In the main, it is the reinsurers who take on this risk, but while insurers dealing with reinsurers is an obvious relationship, why do investment banks engage with reinsurers? Why not pass the longevity risk through their more conventional channels directly to the capital markets instead?
From the reinsurers' perspective, writing longevity business provides two benefits: some potential financial return, and more importantly, a hedge against adverse experience in existing lines of mortality business, such as life insurance. While the hedge isn't perfect due to differences in the profiles of the two business lines, longevity swaps make a valuable contribution to the sustainable risk management of reinsurers.
From the capital markets' viewpoint, only financial return is of interest; for most investors, the hedge is irrelevant, as they do not have portfolios of mortality risk.
However, at current pricing levels, the financial returns are not sufficiently attractive, particularly when you factor in the long duration of longevity business. Consequently, it has been the reinsurers, rather than the capital markets, who are the ultimate bearers of most longevity business.
Can longevity swaps continue working in this way?
This has been a ground-breaking year for the longevity swap market, not least because of the scale of the deals that have been written so far - in excess of £20bn to date - and the size of the individual deals.
Has 2014's heightened activity resulted in a capacity crunch for the rest of the year? Or does it indicate that the longevity market is ready to take on more and bigger deals? The answers to these questions depend on a number of different factors.
Prudent risk management: the survival mechanism of the reinsurance market
Reinsurers are prudent organisations that, while happy to do deals, generally prefer to avoid large concentrations of risk. We have seen this in recent transactions, where most deals in excess of £1bn are often broken up into smaller chunks to make it easier for insurers and reinsurers to write the business.
The BT Pension Scheme deal in July this year, where Prudential US took on £16bn in one go, bucked this trend.
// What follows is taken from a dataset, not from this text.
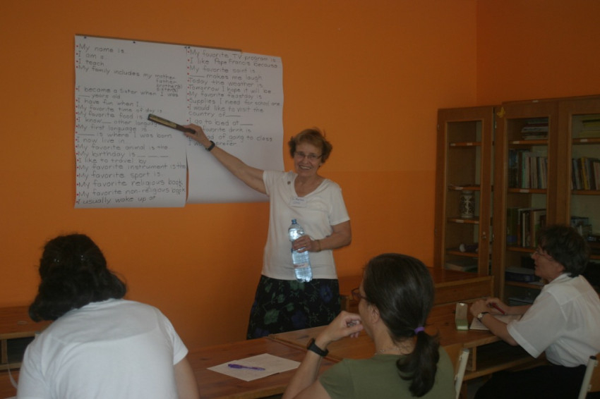 A Boldogasszony Iskolanővérek meghívására négy amerikai iskolanővér érkezett hazánkba, hogy angol nyelvre oktassa az érdeklődő magyar szerzetesnővéreket a rendeken belüli gördülékenyebb kommunikáció elősegítésének céljából. Lucille Dehen Mankatóból (Minnesota), Deborah Cerullo Providence-ből (Rhode Island), Joan DiProspere St. Louisból (Missouri) és Marlene Panko Los Angelesből (California) indultak útnak.

However, this appears to be an exception, and the way forward for the UK market looks to be through spreading risk rather than concentrating it.
A key influence on capacity is the hedge that longevity risk provides against existing mortality business. However, as reinsurers write more and more longevity business, the capacity to hedge this risk will be diluted, and so appetite to write new business will reduce.
So far, this has not yet emerged, and the longevity market is still buoyant, but, at some point in the future, reinsurers' capacity to write business and the value drawn from it will be affected.
Solvency II: a threat to capacity?
Those looking to transact should also be mindful of the imminency of Solvency II and the impact that that will have on the reinsurance market as a whole, not just for longevity business.
Solvency II is likely to increase the value to insurers of passing on risk to the reinsurance market as well as having an impact on reinsurers' reserving requirements. Insurers are likely to look to pass on longevity risk from historic annuity policies to reinsurers, which may well serve to suppress reinsurer appetite for pension scheme longevity risk.
Experienced teams are in demand
Longevity deals are complicated, high-profile deals, and while they may be high value, they also tend to be few and far between, with the market often being described as 'lumpy'.
As a result of this, many organisations have been reluctant to build large teams that would not be fully utilised all of the time. The upside to this is that it saves costs, but the downside is that there is a limit to the number of deals each team can take through to the execution phase in parallel. In the end, this resource constraint means that reinsurers have to pick which deals to pursue, and only sufficiently desirable deals will actually reach completion.
Has the market reached its tipping point?
In the short term, there is appetite within the current market for pension schemes to pass on their longevity risk. Indeed, the market as a whole has high aspirations to grow much larger as a greater understanding of longevity swaps is achieved across pension schemes, benefit consultancies and the insurance industry. However, the reality is that the market may reach tipping point soon at current pricing levels, and it is likely that while the market will still grow, it may be at a slower pace than some may hope for.
So what does this mean for pension scheme trustees? Appetite within the longevity market is likely to reach a plateau over the next few years, and so intermediaries and reinsurers will be able to be increasingly selective regarding the schemes with which they transact.
One thing to be mindful of is that while the pension scheme may not be looking to deal directly with a reinsurer, it is the reinsurers who ultimately determine the capacity within the market, along with the associated supply and demand impacts that are likely to follow.